:: RECORDS FOR THIS TASK

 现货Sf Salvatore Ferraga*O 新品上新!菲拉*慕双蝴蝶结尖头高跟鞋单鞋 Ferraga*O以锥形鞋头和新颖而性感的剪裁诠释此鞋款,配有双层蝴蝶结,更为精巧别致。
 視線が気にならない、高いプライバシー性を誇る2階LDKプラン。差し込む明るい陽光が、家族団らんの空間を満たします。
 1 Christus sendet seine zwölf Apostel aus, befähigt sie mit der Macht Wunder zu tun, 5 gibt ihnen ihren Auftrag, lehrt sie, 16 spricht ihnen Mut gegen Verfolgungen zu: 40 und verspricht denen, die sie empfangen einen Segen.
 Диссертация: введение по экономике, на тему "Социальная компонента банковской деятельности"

::::
:: RECORDS FOR THIS TASK

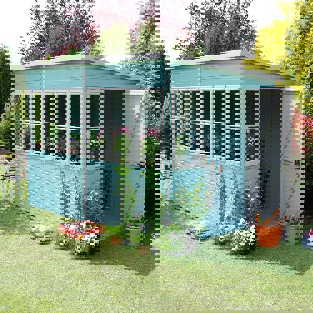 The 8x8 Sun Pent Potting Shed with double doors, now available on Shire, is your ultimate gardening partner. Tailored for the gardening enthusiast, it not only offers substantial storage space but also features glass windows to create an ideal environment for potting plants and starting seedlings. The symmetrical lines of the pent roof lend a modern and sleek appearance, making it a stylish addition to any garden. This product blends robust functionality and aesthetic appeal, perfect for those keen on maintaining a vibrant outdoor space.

::::

» **AIM OF THE EXERCISE**: Take the lines above from the one containing "现货Sf Salvatore Ferraga*O" down to the one containing "Диссертация: введение по", and transcribe them exactly, both ends included.

» **TASK OUTPUT**:
 现货Sf Salvatore Ferraga*O 新品上新!菲拉*慕双蝴蝶结尖头高跟鞋单鞋 Ferraga*O以锥形鞋头和新颖而性感的剪裁诠释此鞋款,配有双层蝴蝶结,更为精巧别致。
 視線が気にならない、高いプライバシー性を誇る2階LDKプラン。差し込む明るい陽光が、家族団らんの空間を満たします。
 1 Christus sendet seine zwölf Apostel aus, befähigt sie mit der Macht Wunder zu tun, 5 gibt ihnen ihren Auftrag, lehrt sie, 16 spricht ihnen Mut gegen Verfolgungen zu: 40 und verspricht denen, die sie empfangen einen Segen.
 Диссертация: введение по экономике, на тему "Социальная компонента банковской деятельности"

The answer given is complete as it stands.